INSTRUCTIONS TO FOLLOW |
Beginning with the line that includes "近傍の油壺検潮所の記録。関東地震に伴って隆起したことがわかる。" and ending with the last line, print the records exactly, leaving every picture out.
=== RECORDED INFORMATION ===
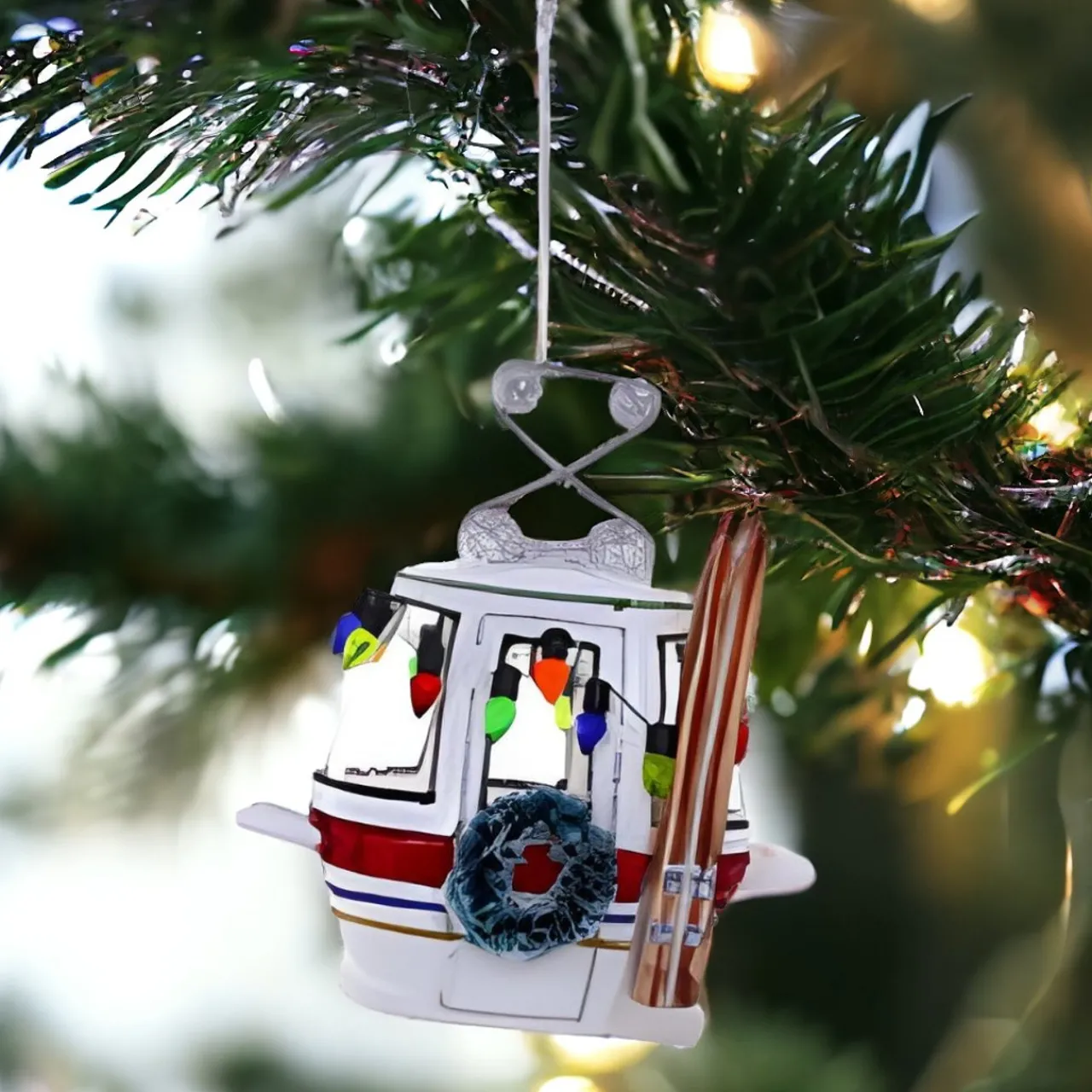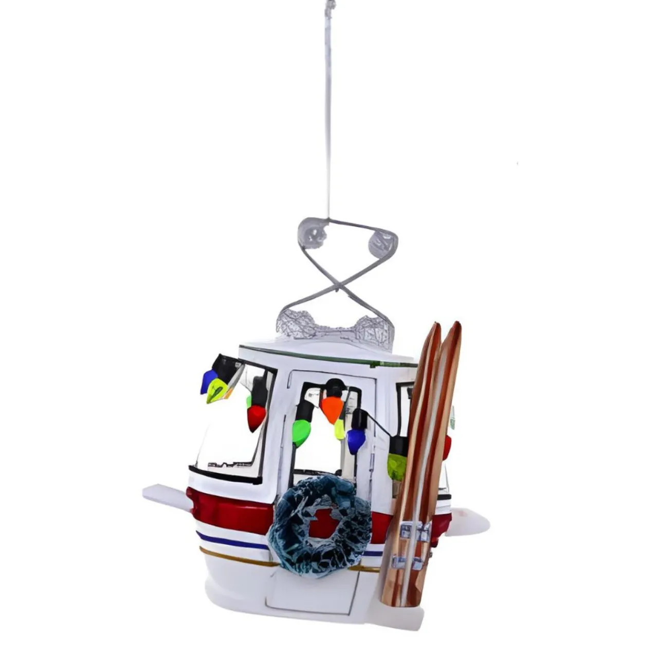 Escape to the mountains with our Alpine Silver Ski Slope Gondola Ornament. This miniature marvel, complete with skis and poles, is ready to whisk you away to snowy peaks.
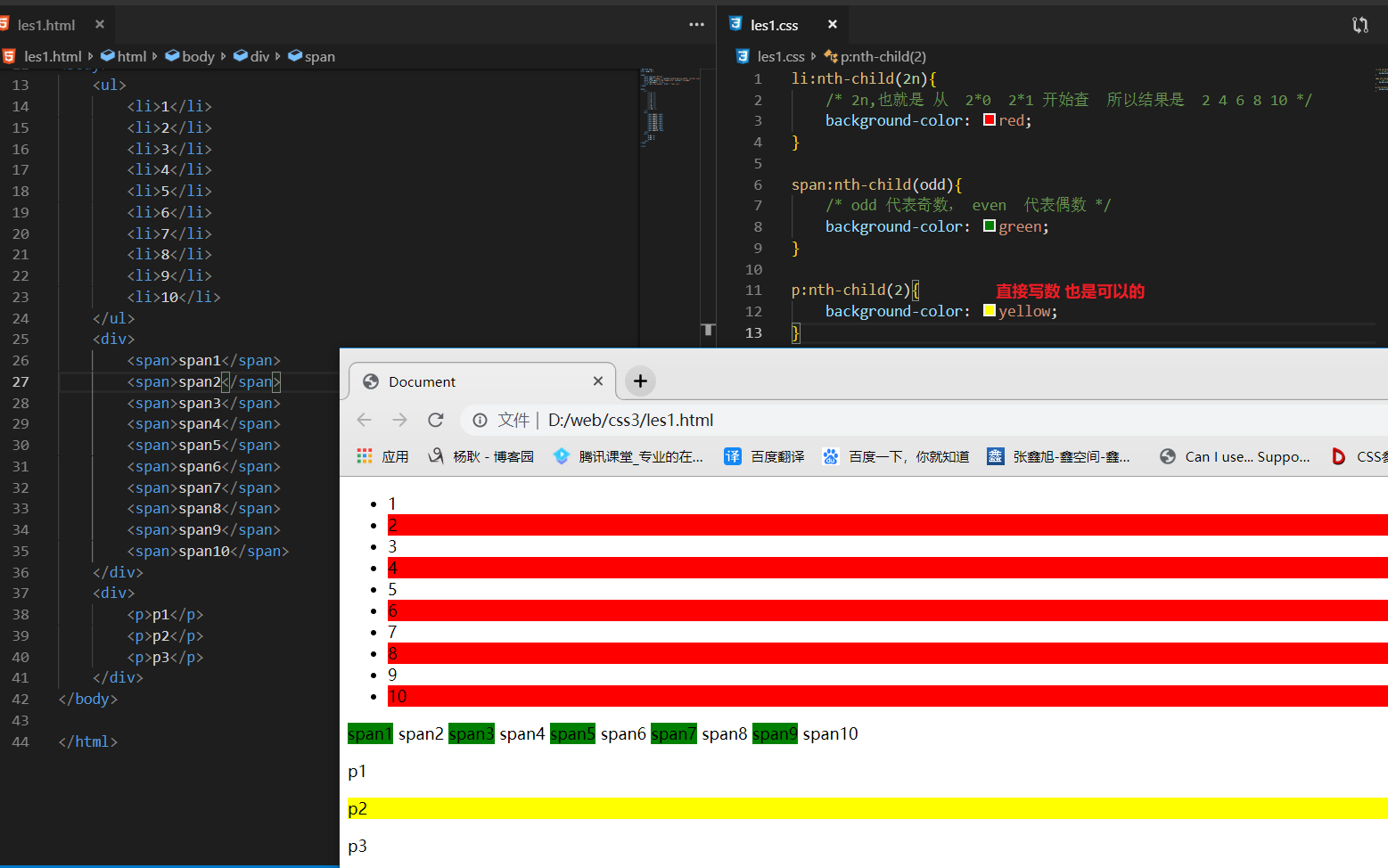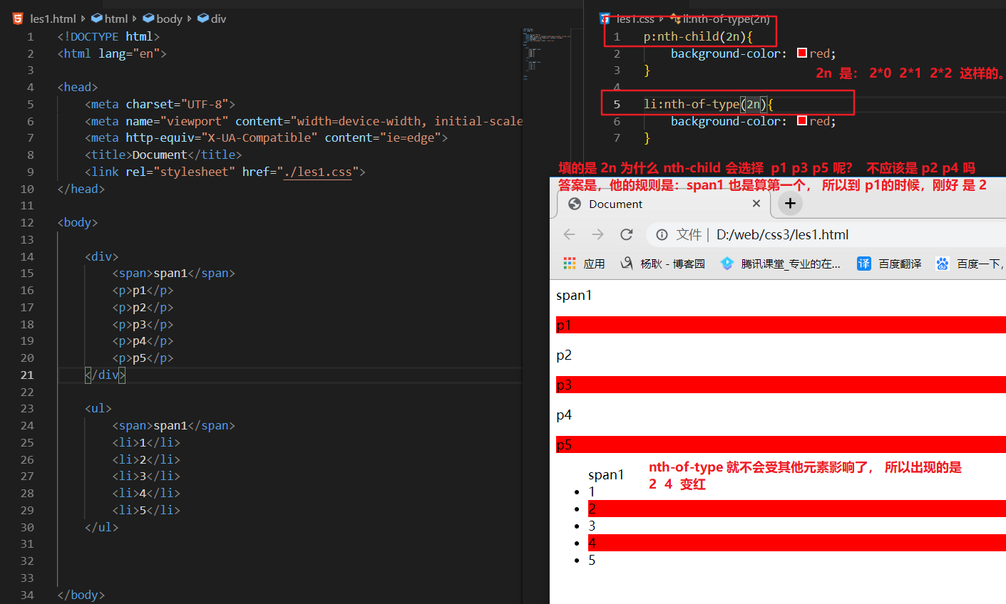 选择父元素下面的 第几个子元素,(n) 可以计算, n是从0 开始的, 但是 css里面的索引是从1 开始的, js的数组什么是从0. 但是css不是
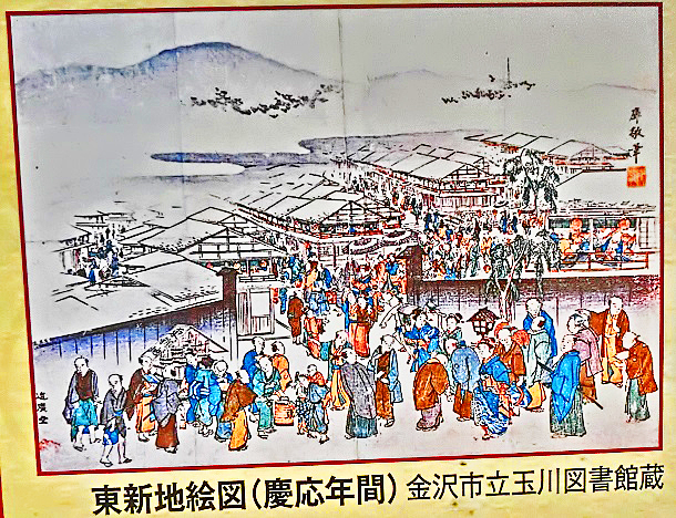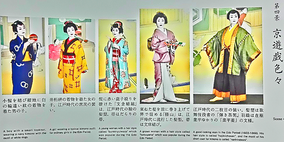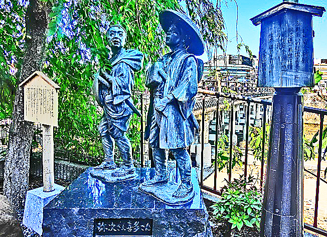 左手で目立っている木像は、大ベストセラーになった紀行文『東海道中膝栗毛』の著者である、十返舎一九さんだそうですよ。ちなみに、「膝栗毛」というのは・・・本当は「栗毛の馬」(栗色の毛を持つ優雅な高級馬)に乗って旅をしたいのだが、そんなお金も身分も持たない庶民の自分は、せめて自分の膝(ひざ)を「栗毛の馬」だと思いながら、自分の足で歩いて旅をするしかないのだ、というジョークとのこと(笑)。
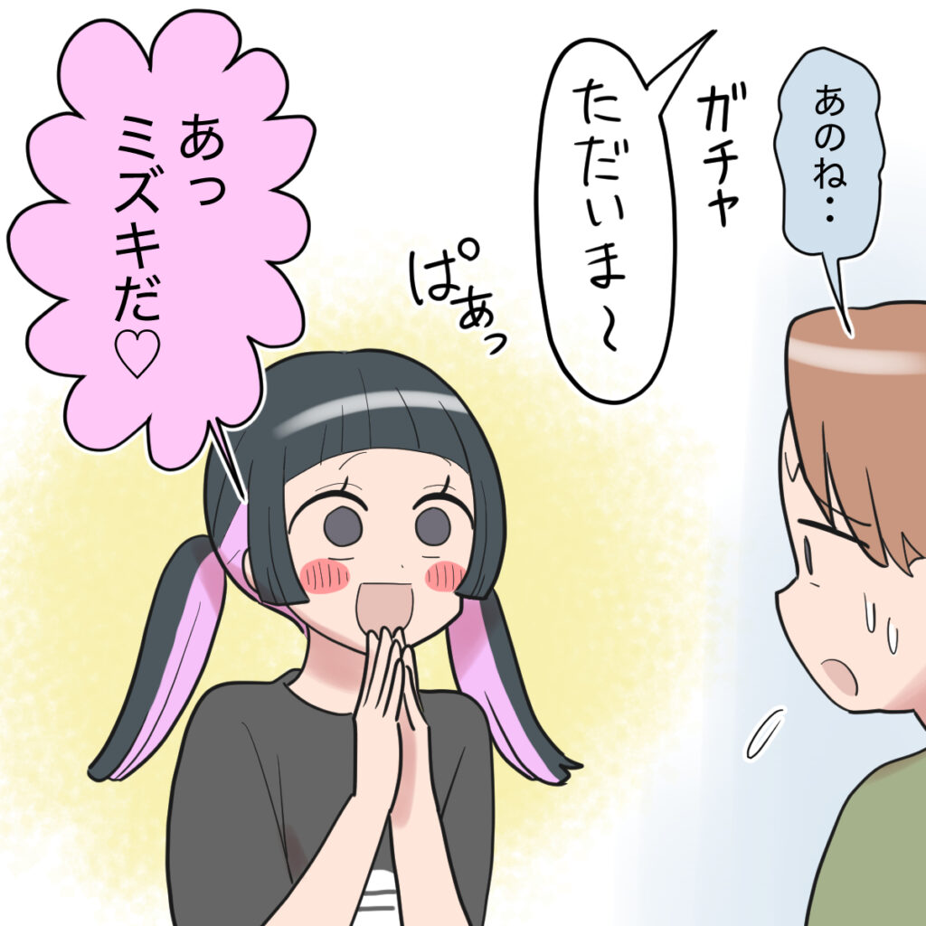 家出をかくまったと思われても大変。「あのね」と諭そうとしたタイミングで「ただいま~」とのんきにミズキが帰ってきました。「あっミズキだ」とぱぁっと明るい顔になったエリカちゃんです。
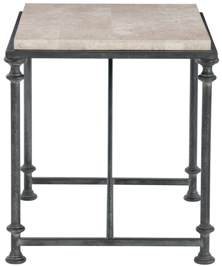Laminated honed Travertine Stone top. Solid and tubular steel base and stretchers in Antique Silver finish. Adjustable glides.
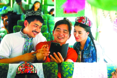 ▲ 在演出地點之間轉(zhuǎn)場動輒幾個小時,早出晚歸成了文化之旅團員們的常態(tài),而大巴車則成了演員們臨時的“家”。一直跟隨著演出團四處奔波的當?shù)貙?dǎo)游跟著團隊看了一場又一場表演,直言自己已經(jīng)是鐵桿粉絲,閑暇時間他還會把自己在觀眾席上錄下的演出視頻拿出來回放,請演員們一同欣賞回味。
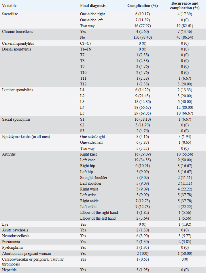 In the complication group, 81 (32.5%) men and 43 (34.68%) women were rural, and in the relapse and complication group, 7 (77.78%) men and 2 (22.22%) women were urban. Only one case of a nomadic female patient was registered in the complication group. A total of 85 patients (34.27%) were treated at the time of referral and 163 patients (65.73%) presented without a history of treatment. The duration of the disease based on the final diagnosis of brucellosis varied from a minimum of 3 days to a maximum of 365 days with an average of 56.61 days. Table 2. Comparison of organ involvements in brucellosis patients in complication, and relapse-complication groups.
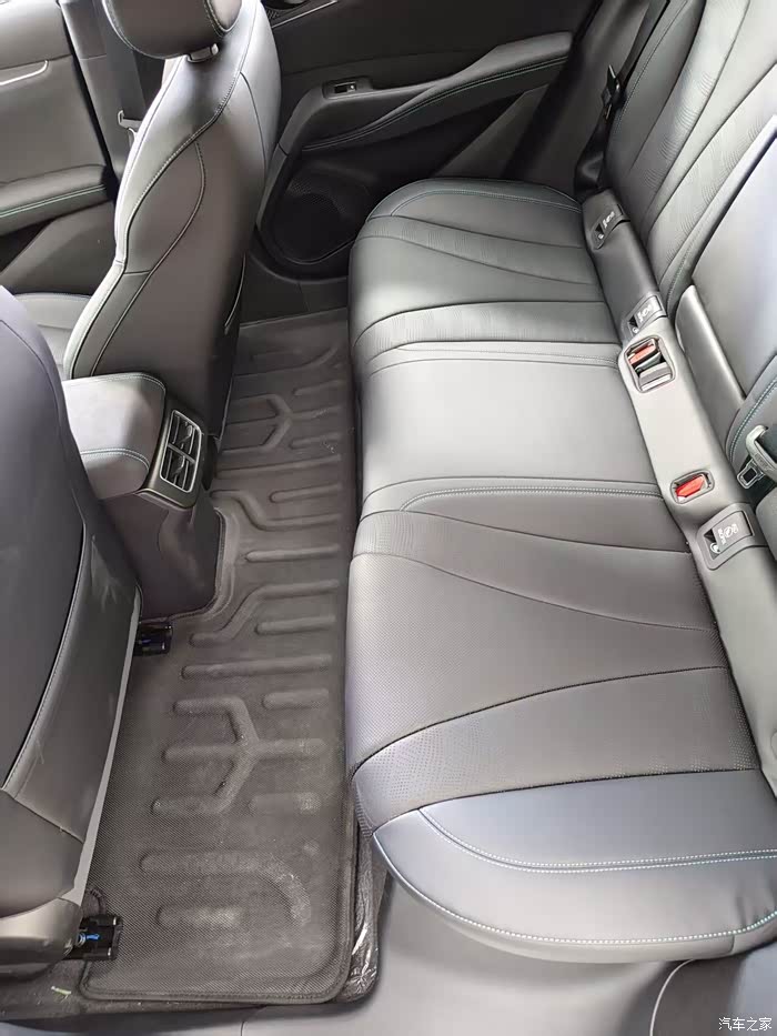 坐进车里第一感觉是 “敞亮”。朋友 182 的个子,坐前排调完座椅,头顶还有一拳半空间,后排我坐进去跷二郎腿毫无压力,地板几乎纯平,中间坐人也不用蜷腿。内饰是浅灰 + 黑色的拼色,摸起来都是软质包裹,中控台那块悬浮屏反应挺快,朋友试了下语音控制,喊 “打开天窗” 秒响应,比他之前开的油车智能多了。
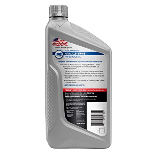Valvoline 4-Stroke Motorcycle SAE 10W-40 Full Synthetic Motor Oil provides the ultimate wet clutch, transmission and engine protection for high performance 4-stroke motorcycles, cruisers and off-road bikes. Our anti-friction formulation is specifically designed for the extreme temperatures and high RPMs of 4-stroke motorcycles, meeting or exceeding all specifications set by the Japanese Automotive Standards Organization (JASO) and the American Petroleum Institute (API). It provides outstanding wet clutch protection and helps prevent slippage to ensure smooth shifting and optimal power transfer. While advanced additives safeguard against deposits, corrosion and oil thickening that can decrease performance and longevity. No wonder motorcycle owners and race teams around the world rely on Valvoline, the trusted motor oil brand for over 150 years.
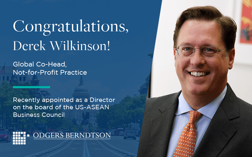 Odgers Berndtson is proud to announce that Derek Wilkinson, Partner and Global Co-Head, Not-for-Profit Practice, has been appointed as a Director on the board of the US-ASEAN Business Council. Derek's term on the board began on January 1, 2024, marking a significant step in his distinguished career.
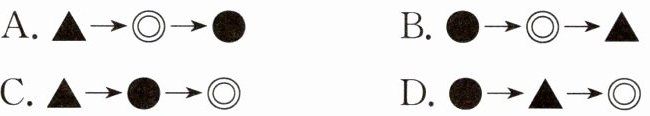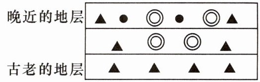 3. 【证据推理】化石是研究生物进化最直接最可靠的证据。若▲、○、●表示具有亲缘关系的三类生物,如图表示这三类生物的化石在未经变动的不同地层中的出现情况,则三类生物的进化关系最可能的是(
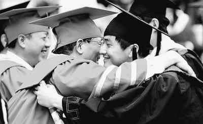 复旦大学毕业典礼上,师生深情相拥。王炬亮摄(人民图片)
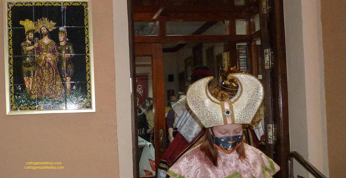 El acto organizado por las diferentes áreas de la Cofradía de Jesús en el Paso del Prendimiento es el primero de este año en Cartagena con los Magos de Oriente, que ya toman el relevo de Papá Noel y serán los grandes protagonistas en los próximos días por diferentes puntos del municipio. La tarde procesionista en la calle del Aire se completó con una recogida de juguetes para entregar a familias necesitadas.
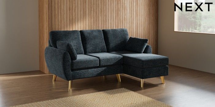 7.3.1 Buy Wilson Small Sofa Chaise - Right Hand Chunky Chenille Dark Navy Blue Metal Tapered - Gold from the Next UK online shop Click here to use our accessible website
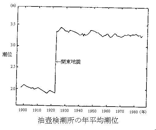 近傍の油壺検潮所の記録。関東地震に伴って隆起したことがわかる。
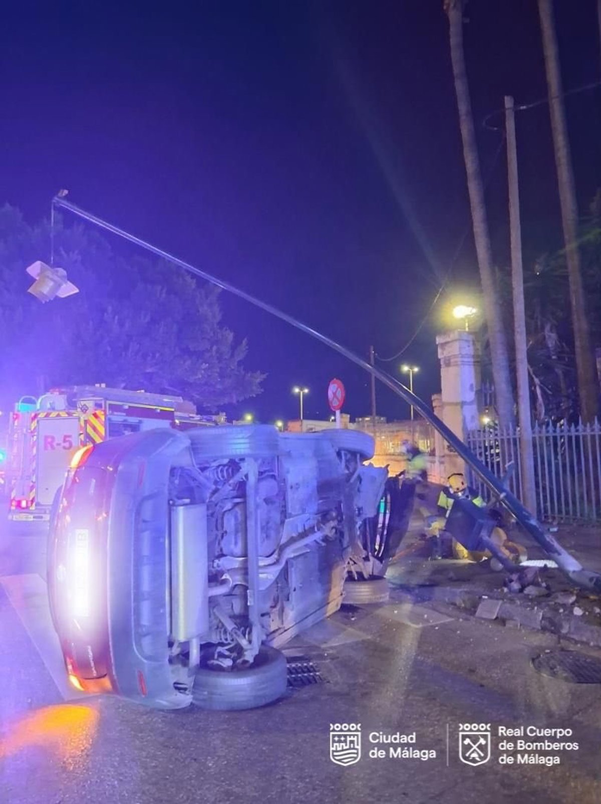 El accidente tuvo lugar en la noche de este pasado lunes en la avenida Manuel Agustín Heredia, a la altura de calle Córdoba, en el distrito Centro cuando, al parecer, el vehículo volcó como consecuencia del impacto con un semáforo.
===
YOUR RESPONSE |
 近傍の油壺検潮所の記録。関東地震に伴って隆起したことがわかる。
 El accidente tuvo lugar en la noche de este pasado lunes en la avenida Manuel Agustín Heredia, a la altura de calle Córdoba, en el distrito Centro cuando, al parecer, el vehículo volcó como consecuencia del impacto con un semáforo.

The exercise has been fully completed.